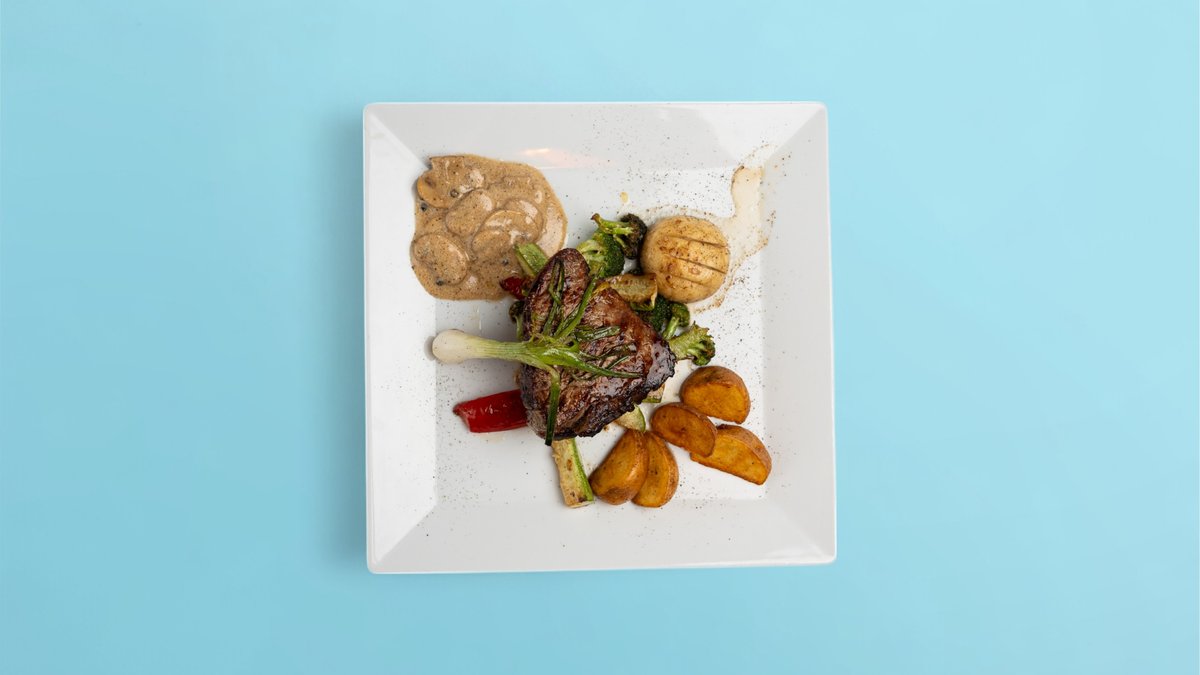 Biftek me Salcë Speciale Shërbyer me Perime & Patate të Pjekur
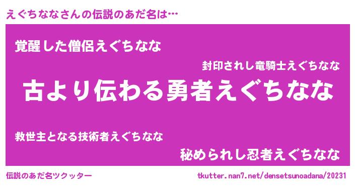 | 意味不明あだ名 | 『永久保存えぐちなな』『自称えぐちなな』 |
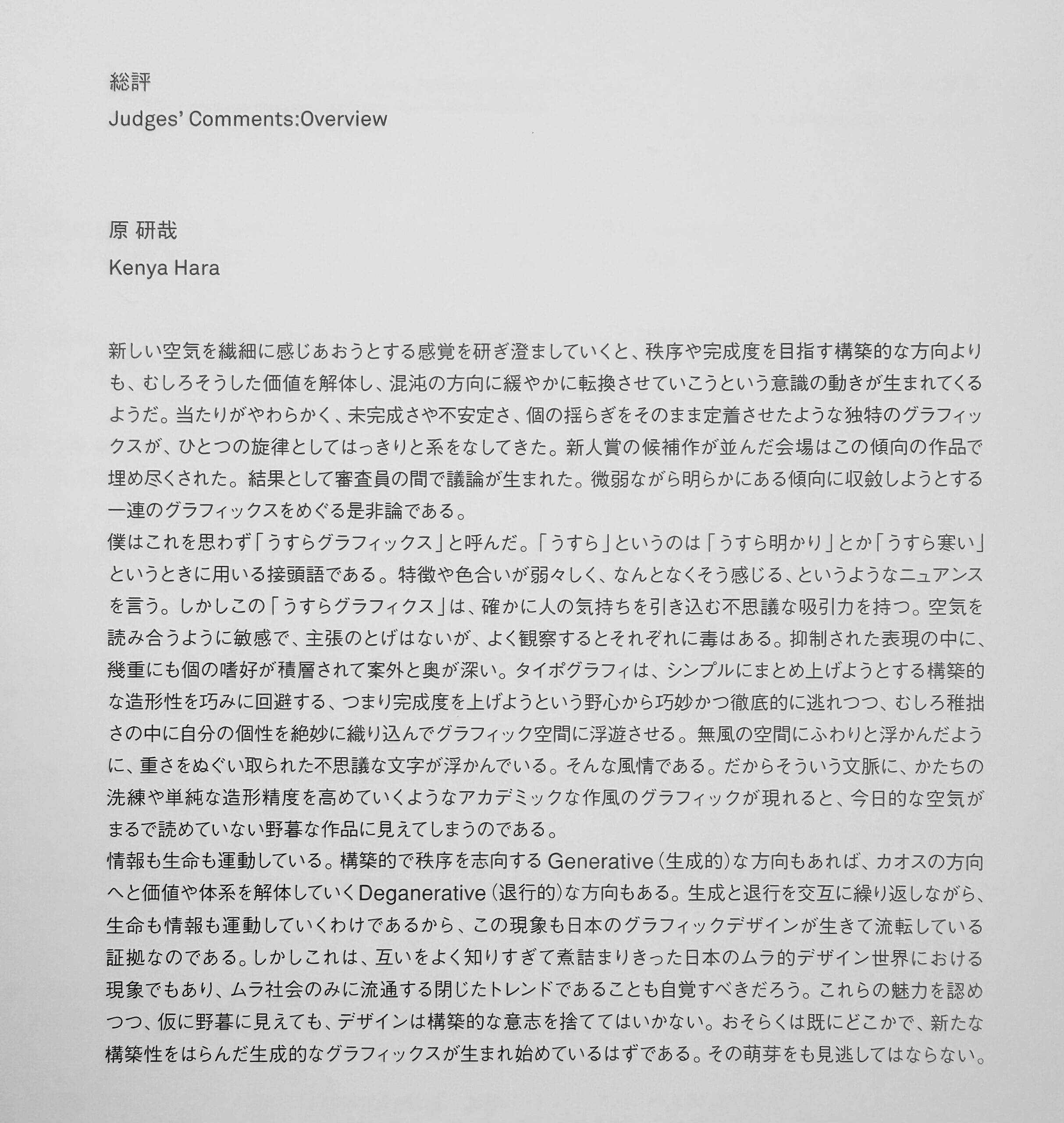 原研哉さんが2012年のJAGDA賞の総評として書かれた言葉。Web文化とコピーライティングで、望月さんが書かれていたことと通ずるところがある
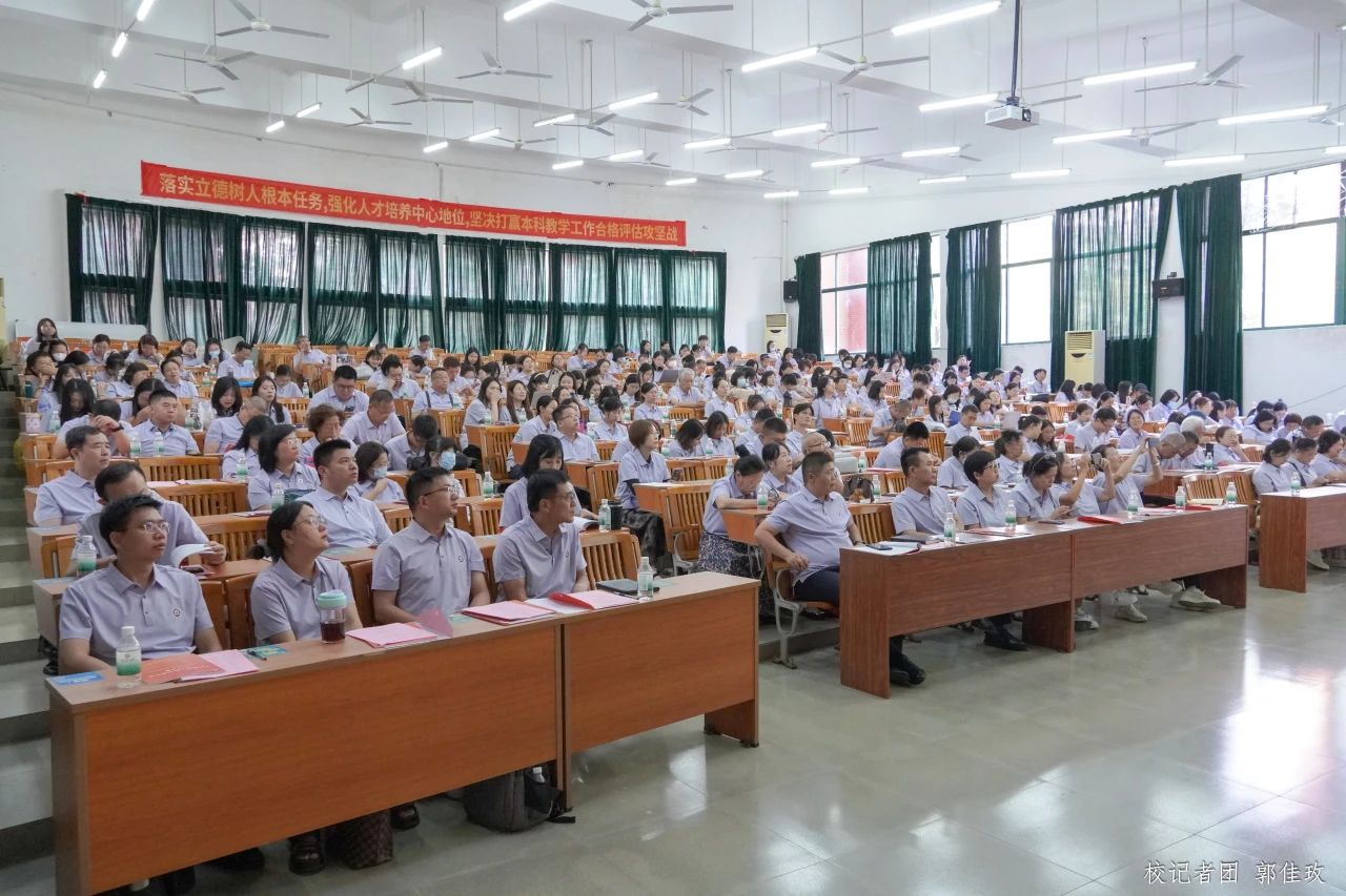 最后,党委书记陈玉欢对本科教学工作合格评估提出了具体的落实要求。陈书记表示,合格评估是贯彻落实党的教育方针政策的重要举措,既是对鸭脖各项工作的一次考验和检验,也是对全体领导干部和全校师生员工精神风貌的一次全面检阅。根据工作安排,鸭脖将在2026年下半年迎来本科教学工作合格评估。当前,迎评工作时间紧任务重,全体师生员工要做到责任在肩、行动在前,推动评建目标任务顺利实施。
______________________________
Retype the listing above exactly. Pictures are not part of the copy.

Exercise answer:
 Biftek me Salcë Speciale Shërbyer me Perime & Patate të Pjekur
 | 意味不明あだ名 | 『永久保存えぐちなな』『自称えぐちなな』 |
 原研哉さんが2012年のJAGDA賞の総評として書かれた言葉。Web文化とコピーライティングで、望月さんが書かれていたことと通ずるところがある
 最后,党委书记陈玉欢对本科教学工作合格评估提出了具体的落实要求。陈书记表示,合格评估是贯彻落实党的教育方针政策的重要举措,既是对鸭脖各项工作的一次考验和检验,也是对全体领导干部和全校师生员工精神风貌的一次全面检阅。根据工作安排,鸭脖将在2026年下半年迎来本科教学工作合格评估。当前,迎评工作时间紧任务重,全体师生员工要做到责任在肩、行动在前,推动评建目标任务顺利实施。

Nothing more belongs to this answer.